About this task - Exactly and only the lines below from the one containing "It is also important" down to the one containing "تقدم أنه فرض" are wanted, both included; please exclude every picture.

(Data for analysis begins)

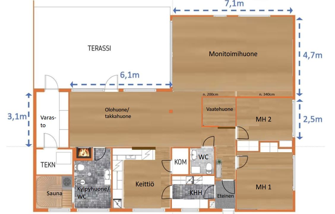 2 mh, iso oleskeluhuone (voi jakaa esim. 2 makuuhuoneeksi), keittiö, olohuone (takka), tuulikaappi/eteinen, khh, kph, sauna, wc, vaatehuone, siivouskomero (ent. kylmiö). Lämmin varasto, kylmä varasto autotallin yht., 2 kylmää ulkovarastoa ja puukatos takapihalla.
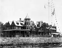 The club was originally housed in a small church in Manor Park, overlooking Horseshoe Harbor.[2] The mission stated in its incorporation was "to advance, foster and support the sport of yachting, the art of yacht designing and construction, and the science of seamanship and navigation, and to acquire and provide a suitable and convenient clubhouse, anchorage and harbor basin for the use of Its members."[4]
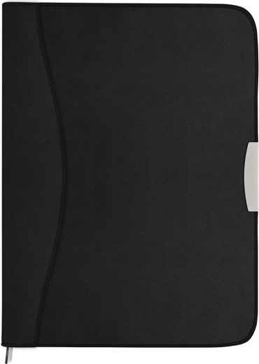Elegante en functionele diplomatenmap in matzwart. Afsluitbaar met rits, ideaal voor vergaderingen en zakelijke besprekingen. Bevat een A4-blok en praktische vakken voor al uw benodigdheden.
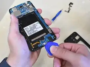 Используйте лопатку, чтобы аккуратно поддеть панель вокруг разъема для зарядки.
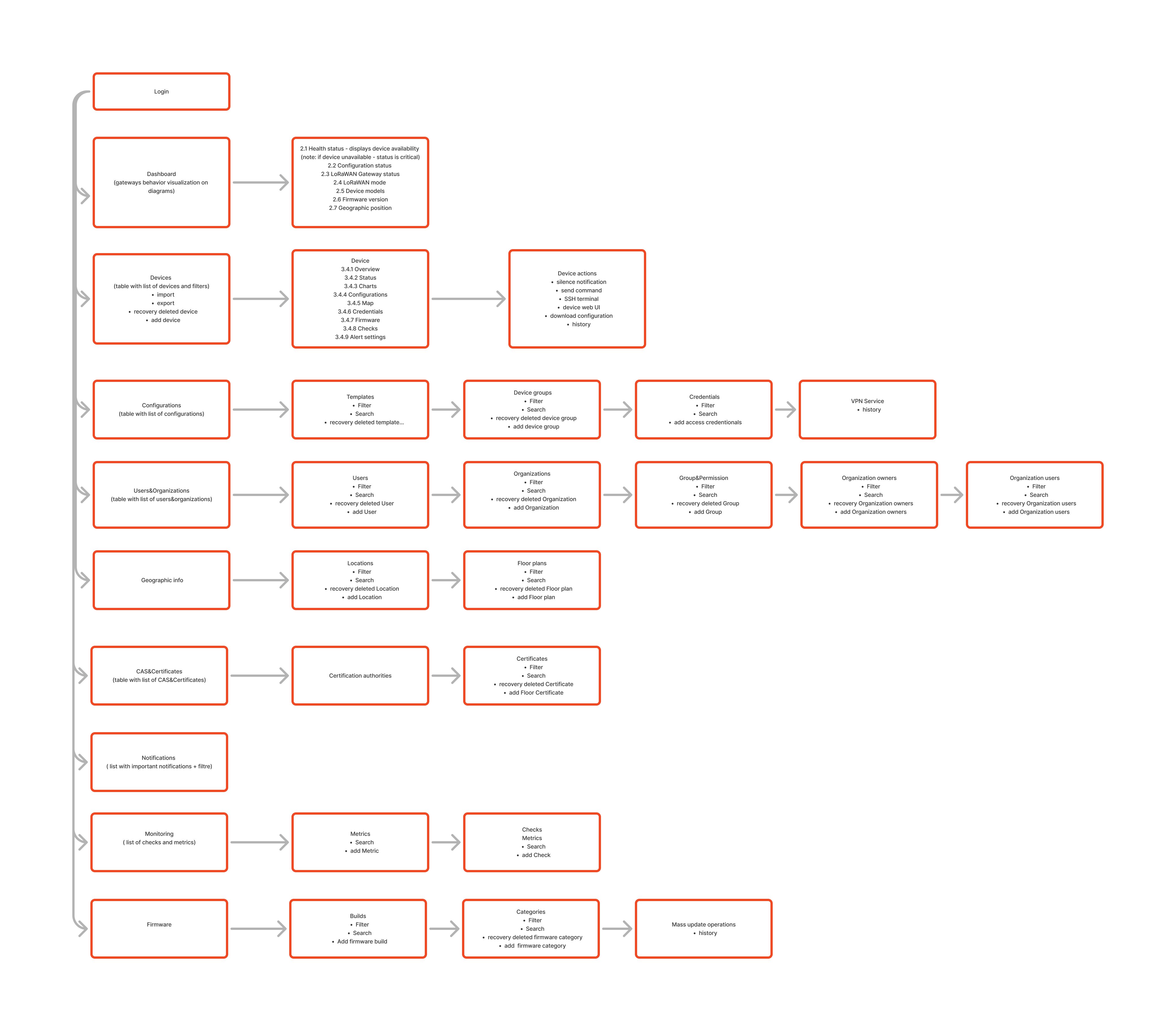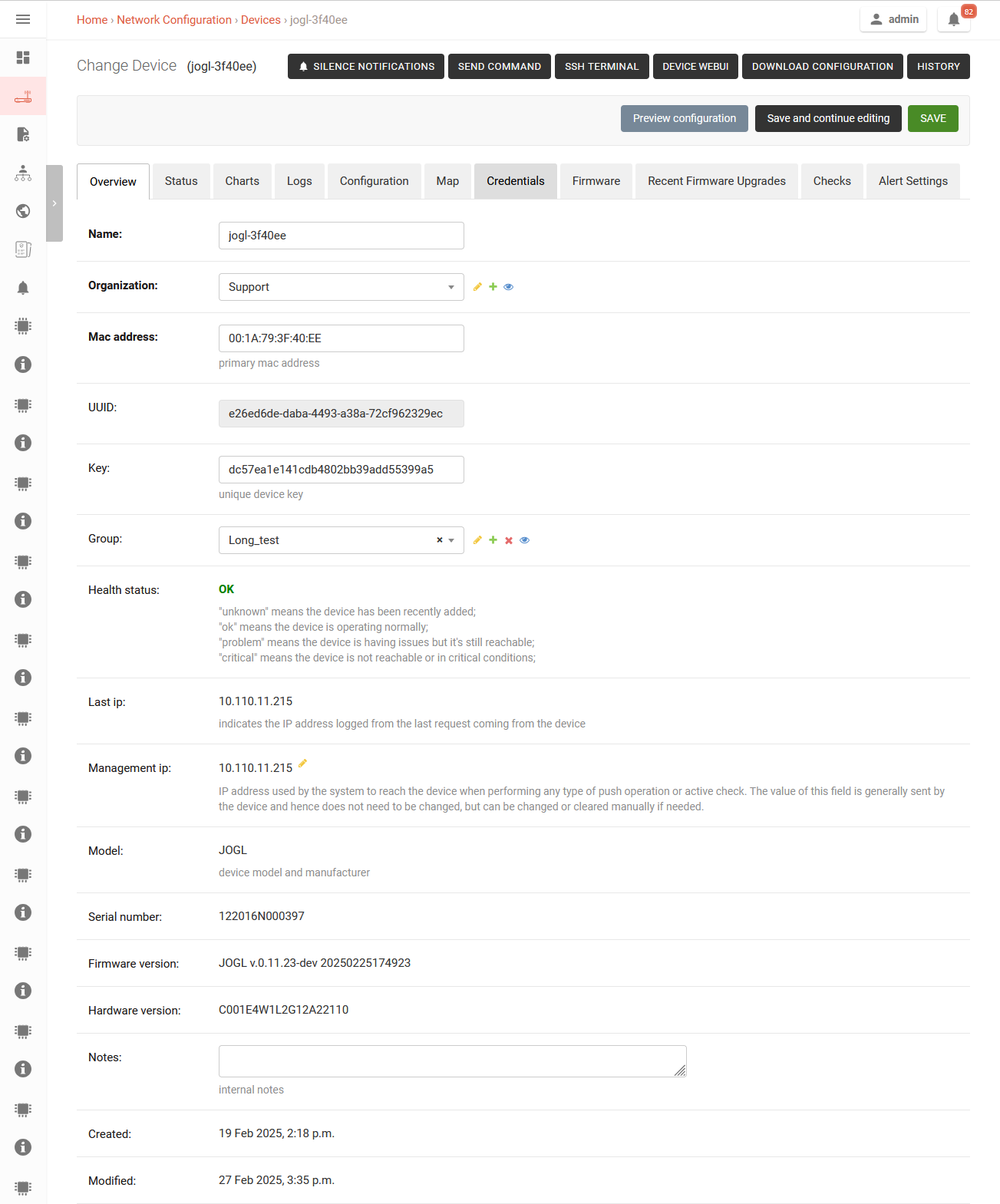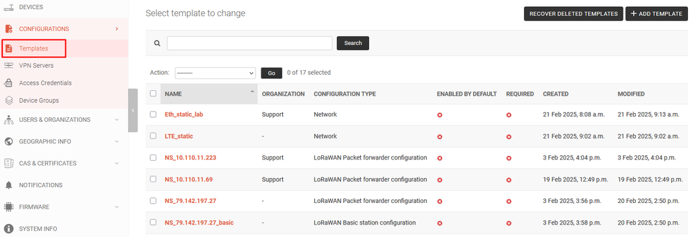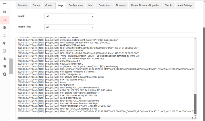 - Ability to view logs from devices (SSH, Firewall, Device manager, Kernel, Packet forwarder, Basic station, Modem manager, Network manager, NTPD, PPPD, SystemD)
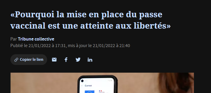«Pourquoi la mise en place du passe vaccinal est une atteinte aux libertés»
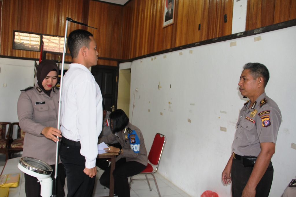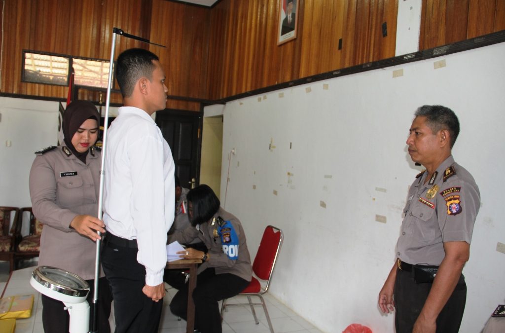 UKUR : Kabag Sumda Polres Gumas Kompol Surya Fahmi bersama tim dokkes mengukur berat dan tinggi badan pendaftar calon anggota polri, di Aula Bhayangkari Polres setempat, Rabu (27/3) pagi.
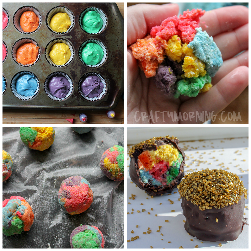 - Once cooled, crumble the cupcakes one color at a time. Â
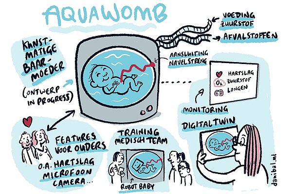 It is also important that the caregivers know how the baby is doing and that there is contact with the parents in order to be able to build a bond with their child right from birth. Myrthe van der Ven, researcher and CEO of AquaWomb, and Juliette van Haren, researcher and designer at the Department of Industrial Design, explain how this works in the video from the University of the Netherlands.
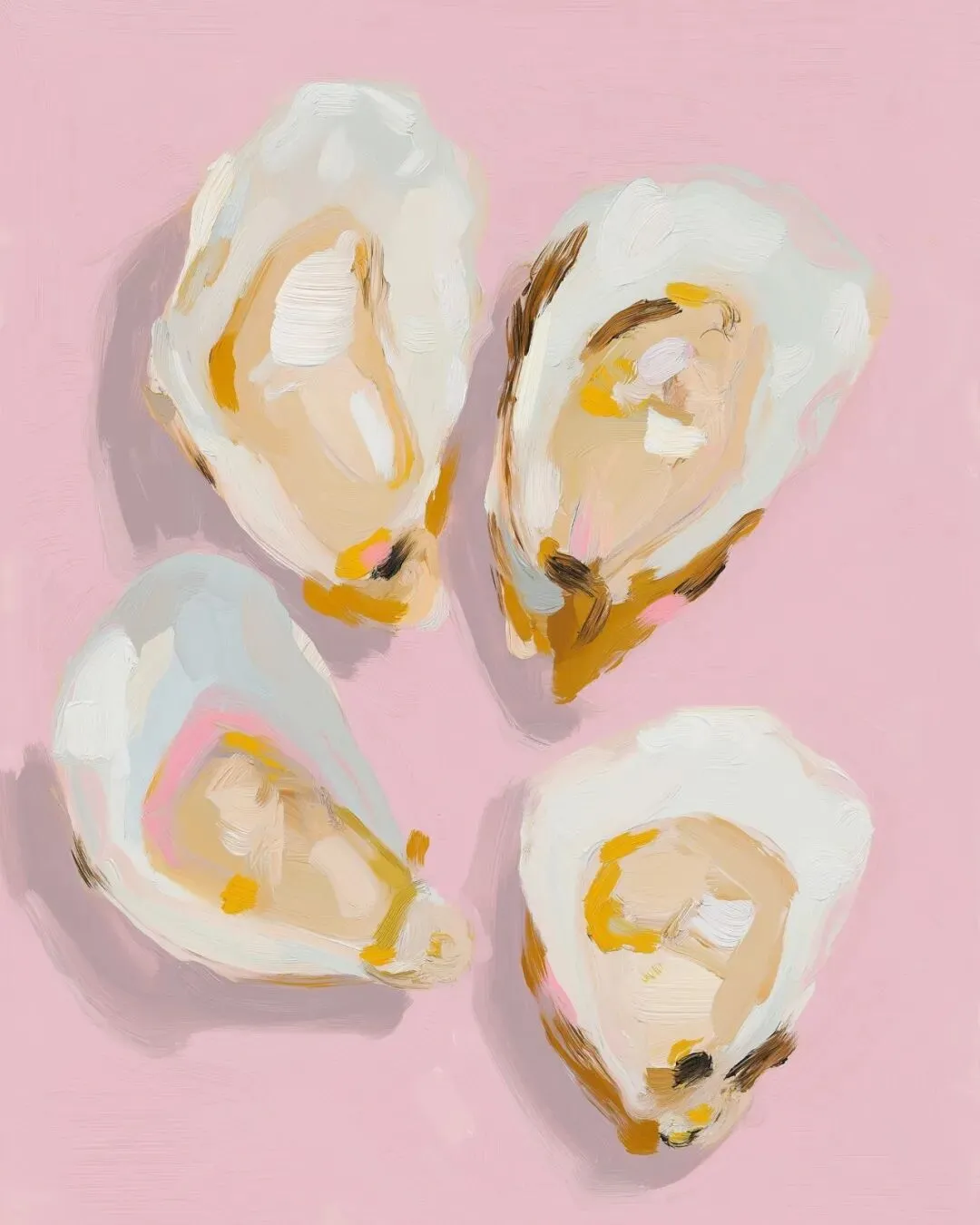 a minimalist watercolor painting of oysters in the style of maira kalman, using pastel colors, simple details, and a light pink background.
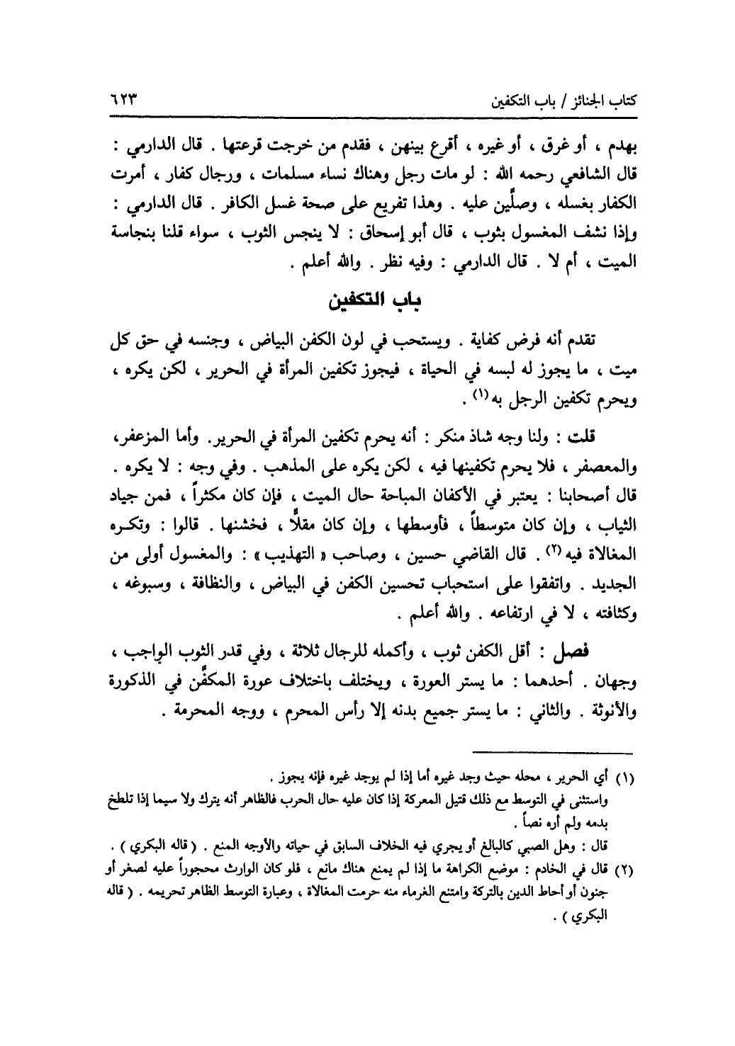 تقدم أنه فرض كفاية. ويستحب في لون الكفن البياض، وجنسه في حق كل ميت، ما يجوز له لبسه في الحياة، فيجوز تكفين المرأة في الحرير، لكن يكره، ويحرم تكفين الرجل به (1). قلت: ولنا وجه شاذ منكر: أنه يحرم تكفين المرأة في الحرير. وأما المزعفر، والمعصفر، فلا يحرم تكفينها فيه، لكن يكره على المذهب. وفي وجه: لا يكره. قال أصحابنا: يعتبر في الاكفان المباحة حال الميت، فإن كان مكثرا، فمن جياد الثياب، وإن كان متوسطا، فأوسطها، وإن كان مقلا، فخشنها. قالوا: وتكره المغالاة فيه (2). قال القاضي حسين، وصاحب (التهذيب): والمغسول أولى من الجديد. واتفقوا على استحباب تحسين الكفن في البياض، والنظافة، وسبوغه، وكثافته، لا في ارتفاعه. والله أعلم. فصل: أقل الكفن ثوب، وأكمله للرجال ثلاثة، وفي قدر الثوب الواجب، وجهان. أحدهما: ما يستر العورة، ويختلف باختلاف عورة المكفن في الذكورة والانوثة. والثاني: ما يستر جميع بدنه إلا رأس المحرم، ووجه المحرمة.
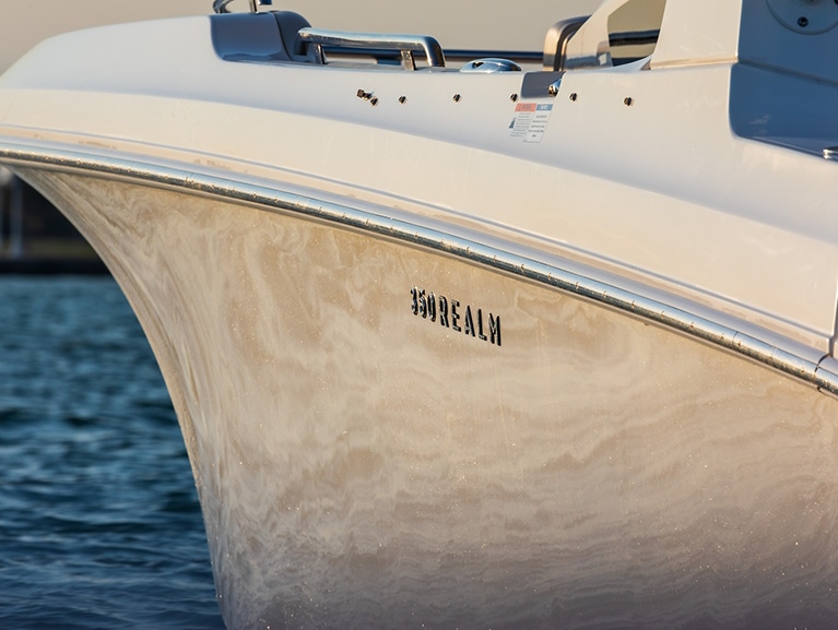 From cruising dockside restaurants to overnighting in the islands to pursuing pelagic big game, the 350 Realm is a sleek and stunning express cabin cruiser that brings all the comfort, performance, and angling features you expect from the legendary Whaler name. A sophisticated layout provides a refined experience inside the luxurious cabin, a commanding helm experience thanks to the intuitive Simrad® interface, and a deck design that seamlessly combines angling prowess and an inviting entertainment experience. With peerless and performance amenities, this 35-ft. express cruiser boat lets you feel at home on the water in a craft suited for any offshore adventure.
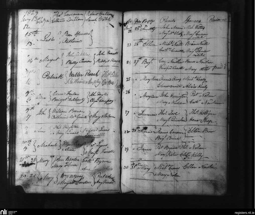Carlow; County of Carlow, Kildare; Diocese of Kildare and Leighlin. Baptisms, Jan. 1829

(Data for analysis ends)

Exercise output -
 It is also important that the caregivers know how the baby is doing and that there is contact with the parents in order to be able to build a bond with their child right from birth. Myrthe van der Ven, researcher and CEO of AquaWomb, and Juliette van Haren, researcher and designer at the Department of Industrial Design, explain how this works in the video from the University of the Netherlands.
 a minimalist watercolor painting of oysters in the style of maira kalman, using pastel colors, simple details, and a light pink background.
 تقدم أنه فرض كفاية. ويستحب في لون الكفن البياض، وجنسه في حق كل ميت، ما يجوز له لبسه في الحياة، فيجوز تكفين المرأة في الحرير، لكن يكره، ويحرم تكفين الرجل به (1). قلت: ولنا وجه شاذ منكر: أنه يحرم تكفين المرأة في الحرير. وأما المزعفر، والمعصفر، فلا يحرم تكفينها فيه، لكن يكره على المذهب. وفي وجه: لا يكره. قال أصحابنا: يعتبر في الاكفان المباحة حال الميت، فإن كان مكثرا، فمن جياد الثياب، وإن كان متوسطا، فأوسطها، وإن كان مقلا، فخشنها. قالوا: وتكره المغالاة فيه (2). قال القاضي حسين، وصاحب (التهذيب): والمغسول أولى من الجديد. واتفقوا على استحباب تحسين الكفن في البياض، والنظافة، وسبوغه، وكثافته، لا في ارتفاعه. والله أعلم. فصل: أقل الكفن ثوب، وأكمله للرجال ثلاثة، وفي قدر الثوب الواجب، وجهان. أحدهما: ما يستر العورة، ويختلف باختلاف عورة المكفن في الذكورة والانوثة. والثاني: ما يستر جميع بدنه إلا رأس المحرم، ووجه المحرمة.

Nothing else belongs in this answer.